This week’s readings all deal in some dimension with the relationship between the academy and the public. In short, all of them advocate for a new (or a return to, depending) collaboration between the work done in universities and colleges and issues relevant to communities in which these schools are located.
John Seely Brown, Ann Pendleton-Jullian, and Richard Adler, “From Engagment to Ecotone”: this piece studies the place of the 21st century land grant university, specifically looking at North Carolina. The authors argue that a partnership between the academy and local businesses—a partnership in which they actually share space—leads to innovation and collaboration and moves the university back in line with the original charter of a land grant school.
Jeremy Cohen, “A Laboratory for Public Scholarship and Democracy”: as an introduction to a special issue of New Directions for Teaching and Learning, this article sets up the arguments for connecting public work with scholarship that appear in later articles. Specifically, Cohen argues that there is a difference between public scholarship and service, and he concludes that there is a constitutional mandate for education, and education of a certain kind.

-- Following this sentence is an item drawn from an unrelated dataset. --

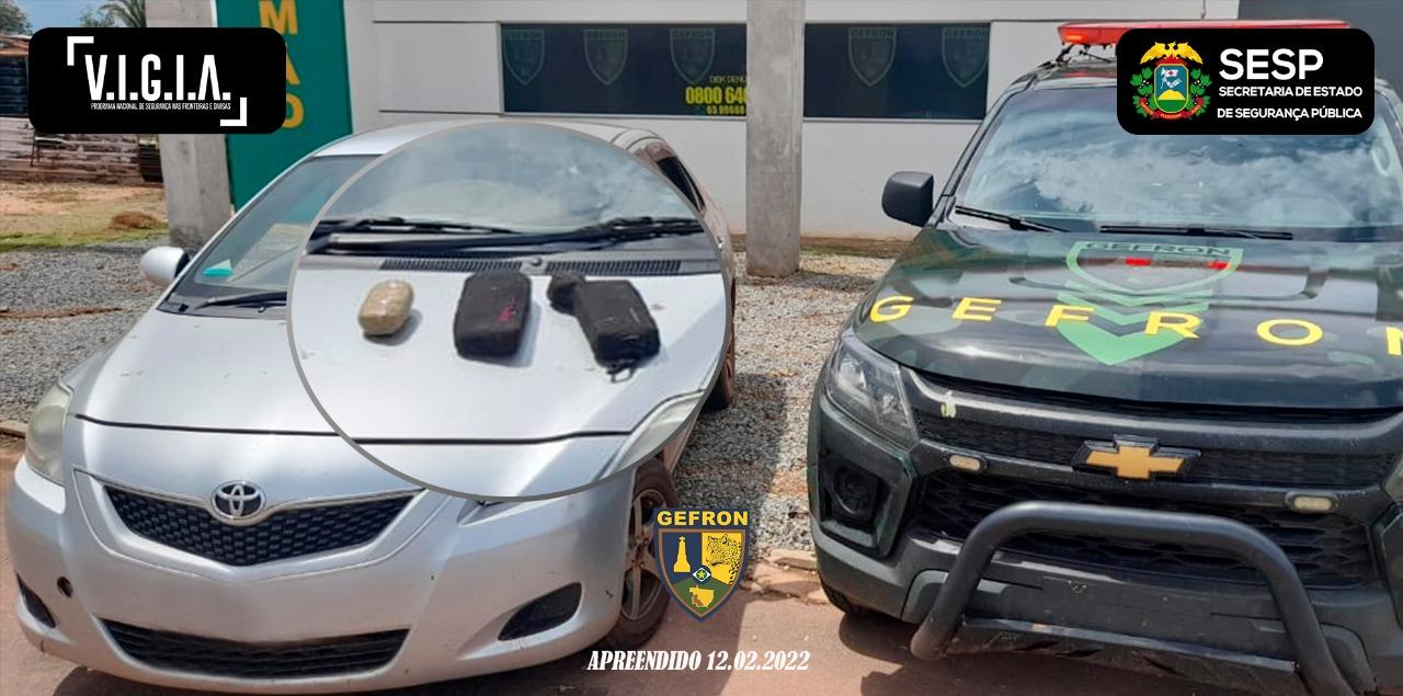 A outra ocorrência foi durante patrulhamento de rotina na MT-473, no município de Pontes e Lacerda (493 km de Cuiabá), quando um veículo Corsa Wind de cor vermelha - que trafegava no sentido contrário ao da equipe do Gefron - ao perceber a viatura policial freou bruscamente na pista. Os policiais, então, por meio de sinais sonoros e luminosos, realizaram a abordagem do veículo.

Rosa A. Eberly, “Rhetorics of Public Scholarship”: Building on the arguments of Habermas and Arendt, Eberly’s article argues that the university needs “a curriculum of consequence that connects learning to the common problems of shared democracy.”
Lakshman Yapa, “Public Scholarship in the Postmodern University”: This article uses postmodern theory in its epistemological sense to argue against metanarratives. Further, Yapa believes that structural ways of understanding the world create some of the problems that they would combat, even as they rob individuals of agency.
Joshua Gunn & John Louis Lucaites, “The Contest of Faculties: On Discerning the Politics of Social Engagement in the Academy”: These two communications professors explore the perceived divide between the civil, the political, and the public. As other authors in this week’s readings, they argue the benefits of doing public scholarship, yet they also trace the shortcomings of the academy in counting such public work as legitimate scholarship. They argue that such engaged scholarship is unavoidably political, and they invite more discussion on ways of quantifying engaged scholarship.
Questions for discussion:
On some level, all of these articles (with the possible exception of the “Ecotone” one) argue that one of the main goals of the academy should be to shore up democracy. True?
If so, what kind of democracy should the university be strengthening? (i.e. A popular democracy? A Constitutional democracy? Local, direct democracy?)
One of the topics that many of our discussions have danced around is interdisciplinarity. Jacoby’s idea of a public intellectual seems to necessitate a blending of disciplines; Fish’s article is more skeptical of such work. Several of the articles for this week (particularly Cohen) view interdisciplinarity positively. Should we?
I’m interested in reading these articles against Flemming’s argument that there is something gained by having the classroom as a space carved out from a larger public. How do Flemming’s thoughts change how we read these pieces?
The Centennial Campus at North Carolina is an interesting case study. How do we feel about such blending of the university with business? How benefits? Is something lost in such collaboration?
Most of the scholars we read this week cite Dewey, who is basing his theories of American pragmatism (and education more broadly) partially on Enlightenment models of thought. If we are building a university for the 21st century, does it make sense to use 18th century philosophy as a guide? What might be left off the table with such an approach?